(MATERIAL FOR THIS TASK Opens)

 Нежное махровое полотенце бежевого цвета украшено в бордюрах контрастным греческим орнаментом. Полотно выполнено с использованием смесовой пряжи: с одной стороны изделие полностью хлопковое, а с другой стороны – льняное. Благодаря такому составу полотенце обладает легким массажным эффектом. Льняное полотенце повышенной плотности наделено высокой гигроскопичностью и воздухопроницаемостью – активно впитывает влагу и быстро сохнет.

(MATERIAL FOR THIS TASK Closes)
(MATERIAL FOR THIS TASK Opens)

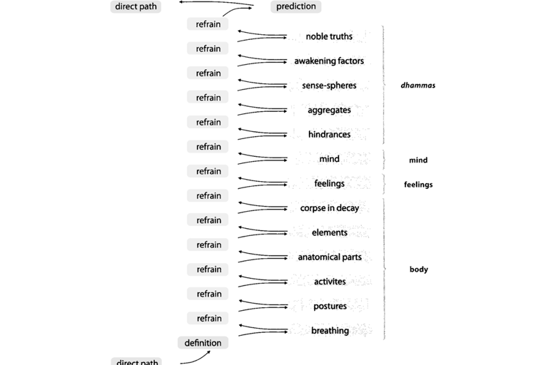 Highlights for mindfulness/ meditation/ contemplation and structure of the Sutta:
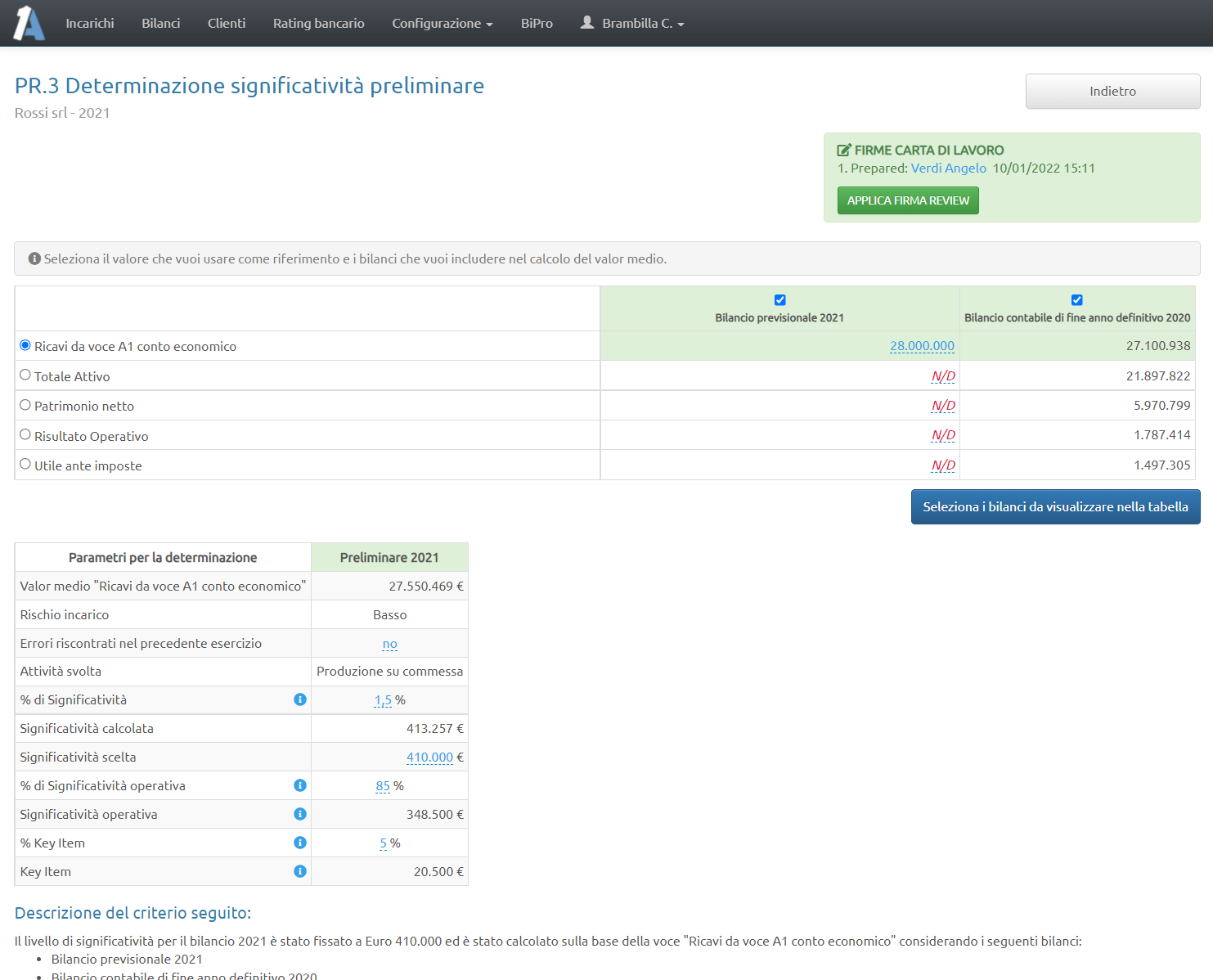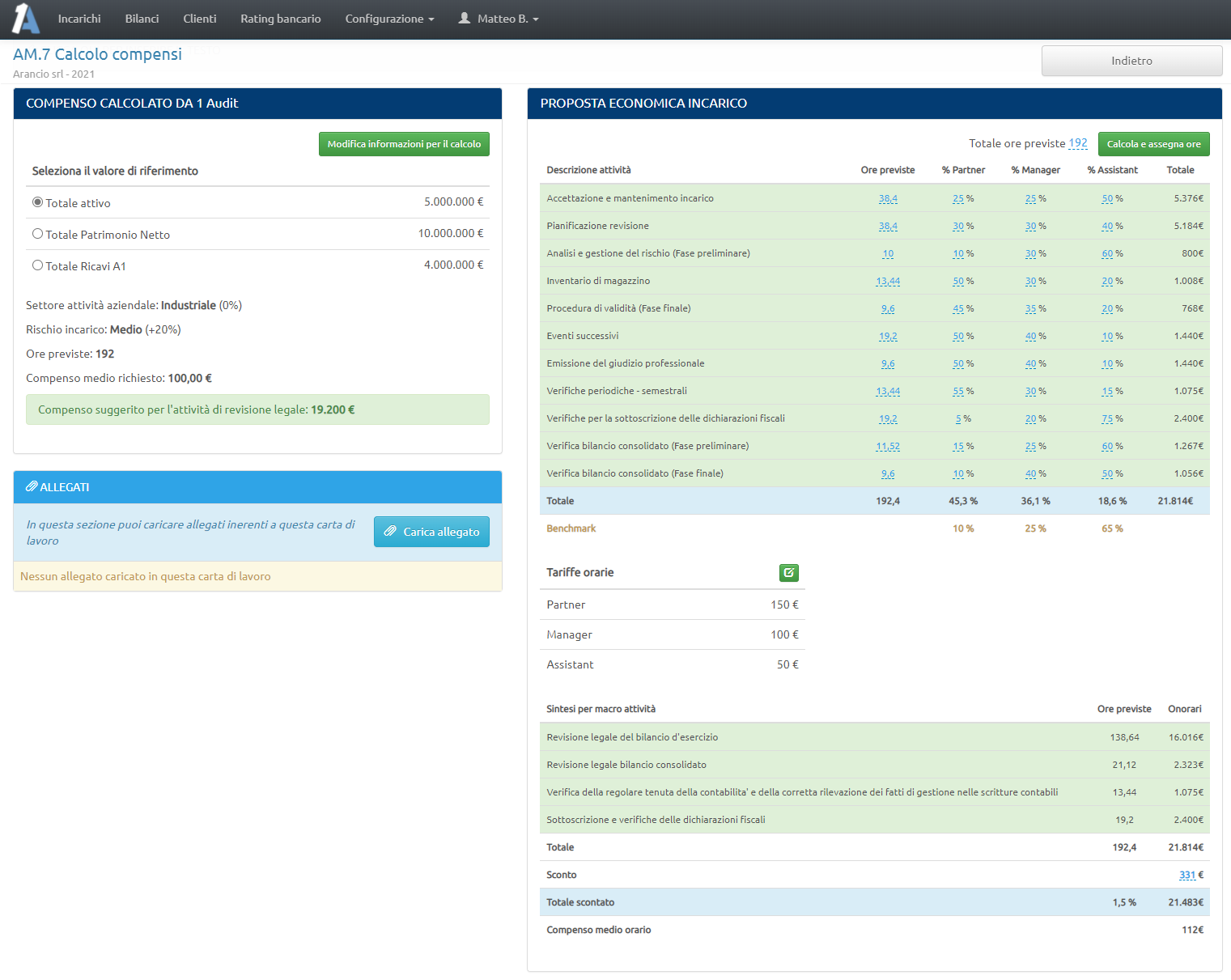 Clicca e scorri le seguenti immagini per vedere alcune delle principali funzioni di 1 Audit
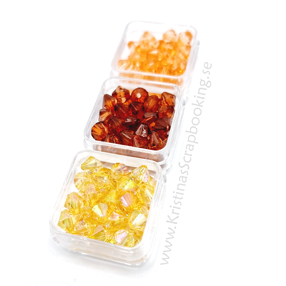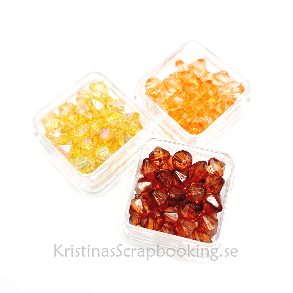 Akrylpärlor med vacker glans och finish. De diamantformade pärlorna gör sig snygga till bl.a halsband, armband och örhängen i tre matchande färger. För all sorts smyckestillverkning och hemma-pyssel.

(MATERIAL FOR THIS TASK Closes)
(MATERIAL FOR THIS TASK Opens)

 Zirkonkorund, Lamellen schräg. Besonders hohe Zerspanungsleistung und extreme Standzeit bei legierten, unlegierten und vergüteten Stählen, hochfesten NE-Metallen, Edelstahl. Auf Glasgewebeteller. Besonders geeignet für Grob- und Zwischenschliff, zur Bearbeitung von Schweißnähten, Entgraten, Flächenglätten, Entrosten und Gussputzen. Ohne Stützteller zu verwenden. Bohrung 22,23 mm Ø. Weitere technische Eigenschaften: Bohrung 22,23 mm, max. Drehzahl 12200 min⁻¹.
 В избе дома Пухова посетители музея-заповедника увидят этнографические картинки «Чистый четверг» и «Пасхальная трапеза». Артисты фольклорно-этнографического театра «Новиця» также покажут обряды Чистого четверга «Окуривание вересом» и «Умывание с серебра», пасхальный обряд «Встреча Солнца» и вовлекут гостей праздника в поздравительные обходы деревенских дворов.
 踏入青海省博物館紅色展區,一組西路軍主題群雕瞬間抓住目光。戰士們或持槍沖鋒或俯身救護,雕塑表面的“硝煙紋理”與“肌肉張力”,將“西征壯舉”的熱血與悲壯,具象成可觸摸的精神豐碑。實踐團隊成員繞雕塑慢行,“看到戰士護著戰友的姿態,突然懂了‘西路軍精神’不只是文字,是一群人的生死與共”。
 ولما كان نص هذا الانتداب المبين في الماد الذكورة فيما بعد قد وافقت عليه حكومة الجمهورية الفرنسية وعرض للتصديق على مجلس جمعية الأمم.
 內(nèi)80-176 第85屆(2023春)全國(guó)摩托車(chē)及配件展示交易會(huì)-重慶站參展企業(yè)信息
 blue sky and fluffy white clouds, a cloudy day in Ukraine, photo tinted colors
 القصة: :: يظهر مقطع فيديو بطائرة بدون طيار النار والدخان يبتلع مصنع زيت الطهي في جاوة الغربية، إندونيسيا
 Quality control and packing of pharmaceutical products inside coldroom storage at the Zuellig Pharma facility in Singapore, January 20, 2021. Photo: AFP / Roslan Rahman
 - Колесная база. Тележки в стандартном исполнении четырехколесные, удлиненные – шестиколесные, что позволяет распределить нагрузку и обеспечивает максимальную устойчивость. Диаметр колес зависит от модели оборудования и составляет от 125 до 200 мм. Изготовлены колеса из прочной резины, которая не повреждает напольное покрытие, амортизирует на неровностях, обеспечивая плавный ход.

(MATERIAL FOR THIS TASK Closes)

Retype the portion of the data above that starts on the line with "blue sky and" and finishes on the line with "- Колесная база.", including both of those lines.

 blue sky and fluffy white clouds, a cloudy day in Ukraine, photo tinted colors
 القصة: :: يظهر مقطع فيديو بطائرة بدون طيار النار والدخان يبتلع مصنع زيت الطهي في جاوة الغربية، إندونيسيا
 Quality control and packing of pharmaceutical products inside coldroom storage at the Zuellig Pharma facility in Singapore, January 20, 2021. Photo: AFP / Roslan Rahman
 - Колесная база. Тележки в стандартном исполнении четырехколесные, удлиненные – шестиколесные, что позволяет распределить нагрузку и обеспечивает максимальную устойчивость. Диаметр колес зависит от модели оборудования и составляет от 125 до 200 мм. Изготовлены колеса из прочной резины, которая не повреждает напольное покрытие, амортизирует на неровностях, обеспечивая плавный ход.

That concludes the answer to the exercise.